----- Source information
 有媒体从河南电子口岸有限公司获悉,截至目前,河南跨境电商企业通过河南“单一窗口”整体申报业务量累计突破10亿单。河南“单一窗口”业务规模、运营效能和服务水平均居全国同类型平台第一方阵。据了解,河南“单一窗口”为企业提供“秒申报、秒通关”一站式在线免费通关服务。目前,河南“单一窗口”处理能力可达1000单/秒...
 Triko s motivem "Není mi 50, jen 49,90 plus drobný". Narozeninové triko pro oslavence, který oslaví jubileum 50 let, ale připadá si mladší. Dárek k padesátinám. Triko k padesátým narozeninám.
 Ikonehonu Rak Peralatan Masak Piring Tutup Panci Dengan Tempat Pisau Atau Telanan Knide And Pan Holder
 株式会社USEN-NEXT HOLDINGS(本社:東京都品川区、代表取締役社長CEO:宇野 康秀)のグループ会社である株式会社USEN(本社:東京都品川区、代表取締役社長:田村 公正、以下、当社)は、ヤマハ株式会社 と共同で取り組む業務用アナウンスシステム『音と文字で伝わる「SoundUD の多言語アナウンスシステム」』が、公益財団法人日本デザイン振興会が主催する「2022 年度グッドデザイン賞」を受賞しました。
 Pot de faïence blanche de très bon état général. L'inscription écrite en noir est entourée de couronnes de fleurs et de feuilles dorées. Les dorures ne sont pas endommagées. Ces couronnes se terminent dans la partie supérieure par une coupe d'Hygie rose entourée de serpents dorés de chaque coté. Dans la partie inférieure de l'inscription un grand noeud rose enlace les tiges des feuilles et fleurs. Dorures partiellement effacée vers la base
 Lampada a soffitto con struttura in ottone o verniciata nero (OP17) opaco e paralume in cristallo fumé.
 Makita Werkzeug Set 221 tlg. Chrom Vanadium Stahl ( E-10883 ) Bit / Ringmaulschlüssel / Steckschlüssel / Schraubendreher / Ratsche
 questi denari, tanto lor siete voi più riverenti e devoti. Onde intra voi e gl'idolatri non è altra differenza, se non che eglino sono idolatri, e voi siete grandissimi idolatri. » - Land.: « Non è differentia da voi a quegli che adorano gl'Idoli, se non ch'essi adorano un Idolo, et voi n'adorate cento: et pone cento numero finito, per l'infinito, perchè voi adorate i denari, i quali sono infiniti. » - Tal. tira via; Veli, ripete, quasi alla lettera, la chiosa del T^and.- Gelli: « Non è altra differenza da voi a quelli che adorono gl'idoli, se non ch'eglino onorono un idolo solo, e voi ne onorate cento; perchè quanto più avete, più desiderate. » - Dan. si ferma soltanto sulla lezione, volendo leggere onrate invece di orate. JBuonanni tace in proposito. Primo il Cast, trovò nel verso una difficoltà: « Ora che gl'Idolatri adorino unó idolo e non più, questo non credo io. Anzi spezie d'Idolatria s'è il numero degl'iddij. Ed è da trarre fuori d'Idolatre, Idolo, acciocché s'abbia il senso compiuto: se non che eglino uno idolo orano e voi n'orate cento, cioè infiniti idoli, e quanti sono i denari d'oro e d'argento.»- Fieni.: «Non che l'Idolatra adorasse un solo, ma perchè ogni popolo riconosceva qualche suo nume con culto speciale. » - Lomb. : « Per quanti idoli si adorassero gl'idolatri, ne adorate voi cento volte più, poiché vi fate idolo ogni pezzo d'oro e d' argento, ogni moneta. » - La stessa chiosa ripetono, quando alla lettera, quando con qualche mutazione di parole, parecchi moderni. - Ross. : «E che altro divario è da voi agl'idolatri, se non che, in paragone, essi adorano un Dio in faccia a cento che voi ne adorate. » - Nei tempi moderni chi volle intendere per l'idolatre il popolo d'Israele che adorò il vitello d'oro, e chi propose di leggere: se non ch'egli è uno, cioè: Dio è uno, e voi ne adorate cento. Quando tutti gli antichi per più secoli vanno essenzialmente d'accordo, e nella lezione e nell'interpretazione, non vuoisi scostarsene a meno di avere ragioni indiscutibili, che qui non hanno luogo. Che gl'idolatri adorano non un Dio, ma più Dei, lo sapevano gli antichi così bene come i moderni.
----------
• [The problem] Please write out exactly the lines from the start of the data through the line that contains "Ikonehonu Rak Peralatan", both ends included, and nothing else.

• [Expected answer]
 有媒体从河南电子口岸有限公司获悉,截至目前,河南跨境电商企业通过河南“单一窗口”整体申报业务量累计突破10亿单。河南“单一窗口”业务规模、运营效能和服务水平均居全国同类型平台第一方阵。据了解,河南“单一窗口”为企业提供“秒申报、秒通关”一站式在线免费通关服务。目前,河南“单一窗口”处理能力可达1000单/秒...
 Triko s motivem "Není mi 50, jen 49,90 plus drobný". Narozeninové triko pro oslavence, který oslaví jubileum 50 let, ale připadá si mladší. Dárek k padesátinám. Triko k padesátým narozeninám.
 Ikonehonu Rak Peralatan Masak Piring Tutup Panci Dengan Tempat Pisau Atau Telanan Knide And Pan Holder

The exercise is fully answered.